(Instructions to follow) Restate word for word the entries below, starting at the line with "厳選合鴨しゃぶしゃぶ 開始します!!" and ending at the line with "Güneş Lekesi Çizimi - 28.12.2008". Keep both end lines and omit the pictures.

(Source material)
--*--
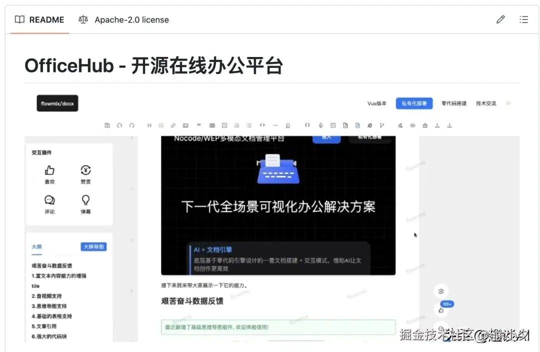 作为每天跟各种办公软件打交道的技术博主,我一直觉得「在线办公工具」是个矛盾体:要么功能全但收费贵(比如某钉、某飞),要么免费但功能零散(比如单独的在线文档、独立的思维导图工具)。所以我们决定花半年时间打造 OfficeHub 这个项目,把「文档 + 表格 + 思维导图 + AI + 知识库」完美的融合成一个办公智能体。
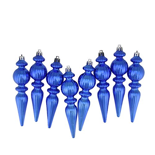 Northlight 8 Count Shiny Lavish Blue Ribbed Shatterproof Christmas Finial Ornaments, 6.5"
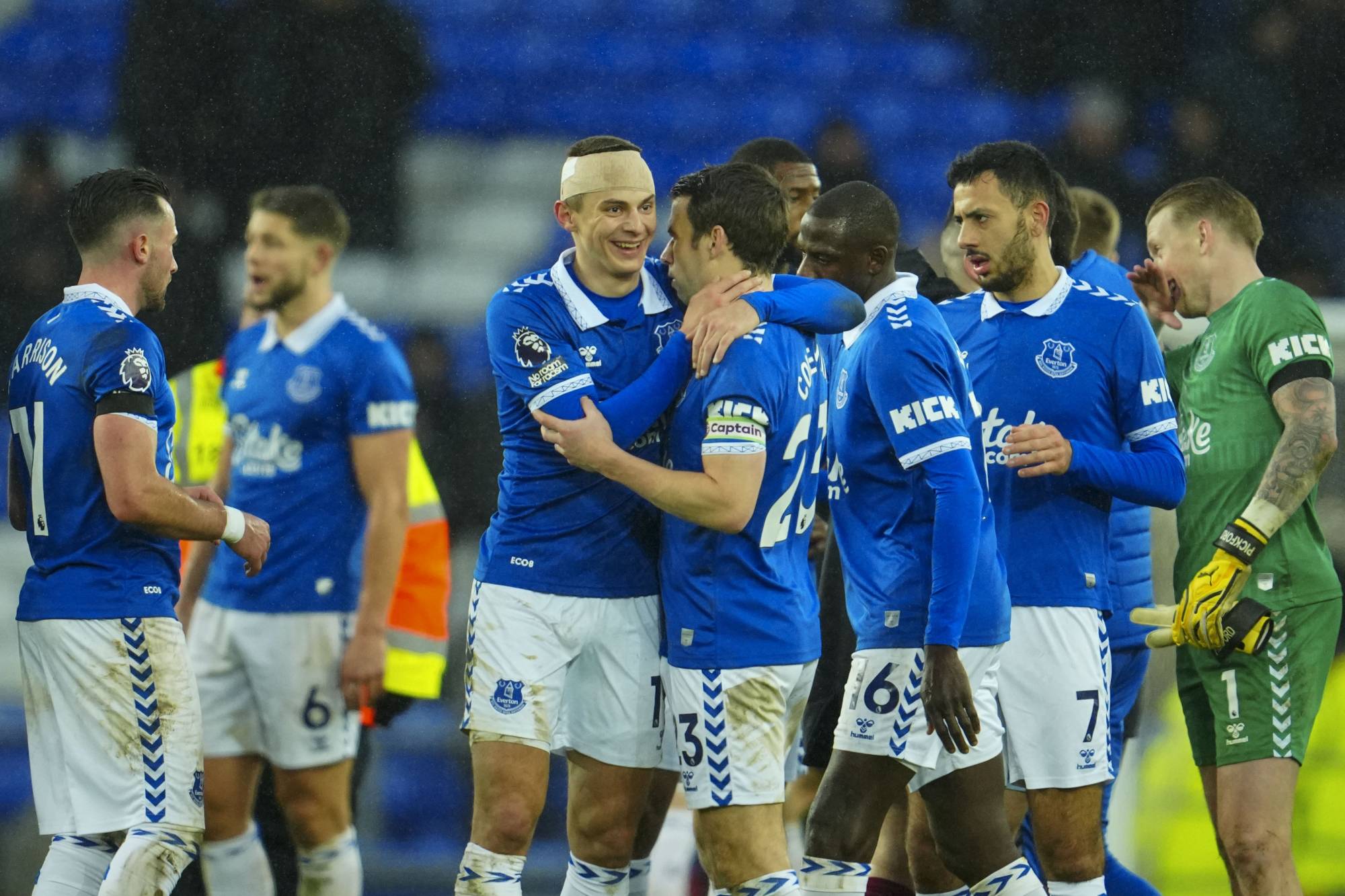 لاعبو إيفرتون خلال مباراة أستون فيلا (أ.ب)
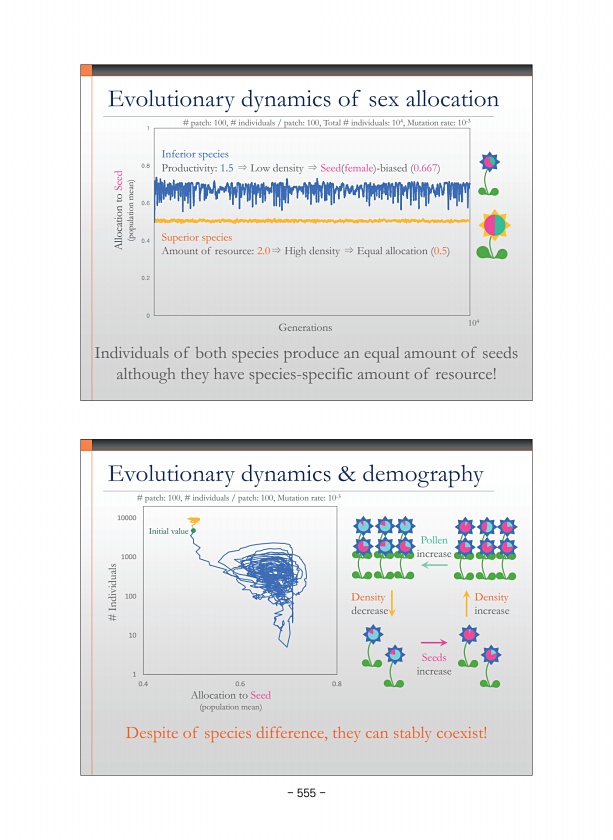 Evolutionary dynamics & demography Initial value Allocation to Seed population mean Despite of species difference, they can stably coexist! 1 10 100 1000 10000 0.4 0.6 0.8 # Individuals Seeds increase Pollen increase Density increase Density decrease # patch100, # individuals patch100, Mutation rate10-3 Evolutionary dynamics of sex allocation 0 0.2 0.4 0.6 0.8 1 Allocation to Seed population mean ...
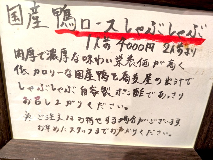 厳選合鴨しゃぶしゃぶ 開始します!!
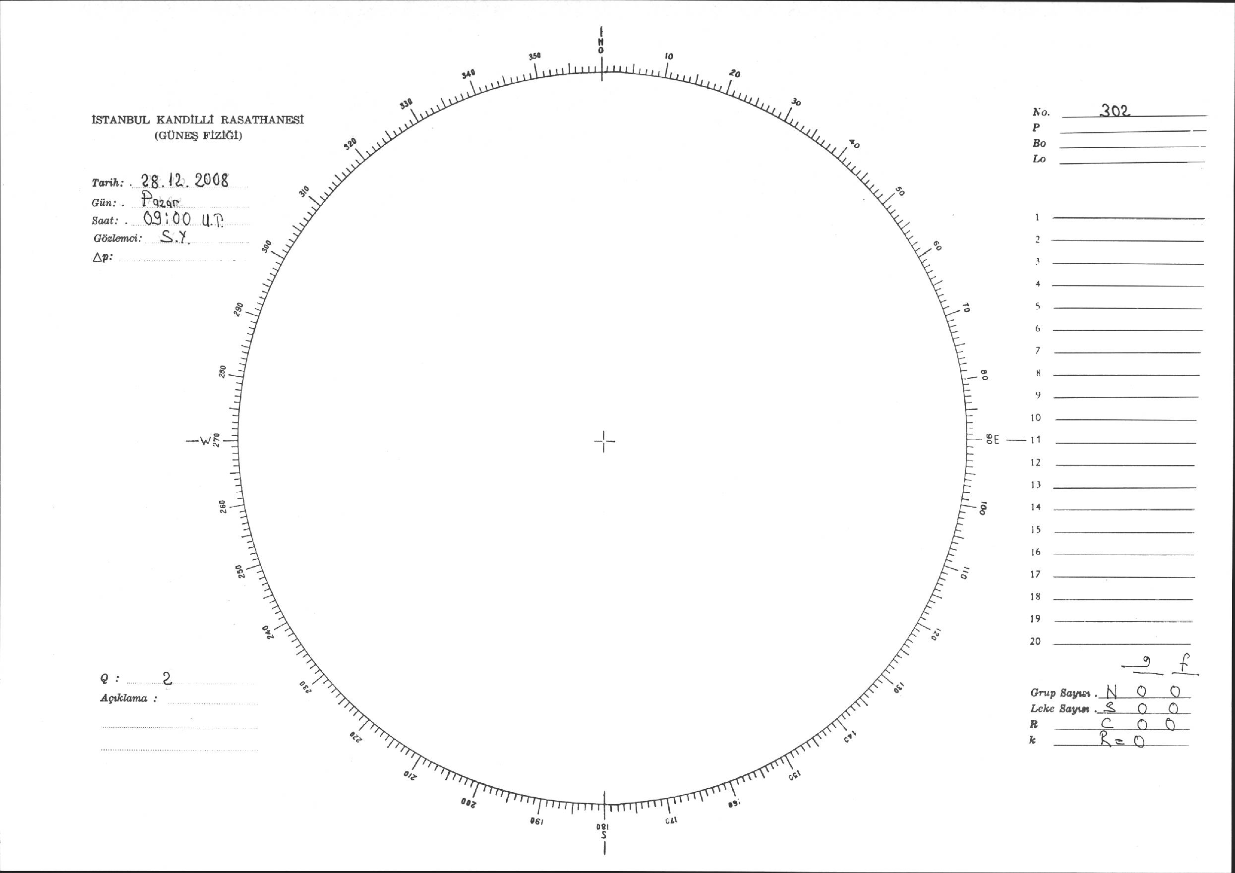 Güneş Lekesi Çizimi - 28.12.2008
--*--
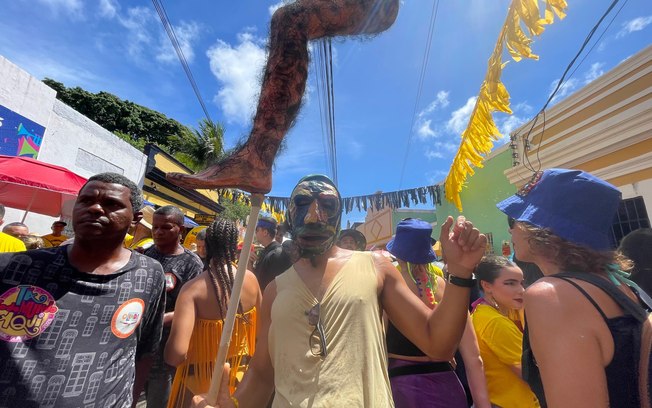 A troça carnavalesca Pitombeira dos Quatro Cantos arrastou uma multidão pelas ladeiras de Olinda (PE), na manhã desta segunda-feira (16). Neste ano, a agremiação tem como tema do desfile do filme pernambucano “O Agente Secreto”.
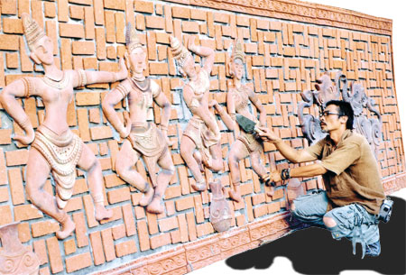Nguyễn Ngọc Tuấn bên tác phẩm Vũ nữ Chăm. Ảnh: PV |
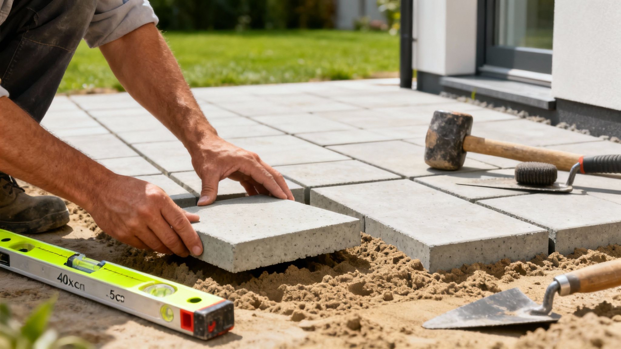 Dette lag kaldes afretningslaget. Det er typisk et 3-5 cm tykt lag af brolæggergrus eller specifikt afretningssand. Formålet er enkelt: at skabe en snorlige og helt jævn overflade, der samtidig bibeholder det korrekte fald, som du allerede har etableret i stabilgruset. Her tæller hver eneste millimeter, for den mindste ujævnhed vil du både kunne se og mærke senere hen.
--*--
(Solution to the problem)
 厳選合鴨しゃぶしゃぶ 開始します!!
 Güneş Lekesi Çizimi - 28.12.2008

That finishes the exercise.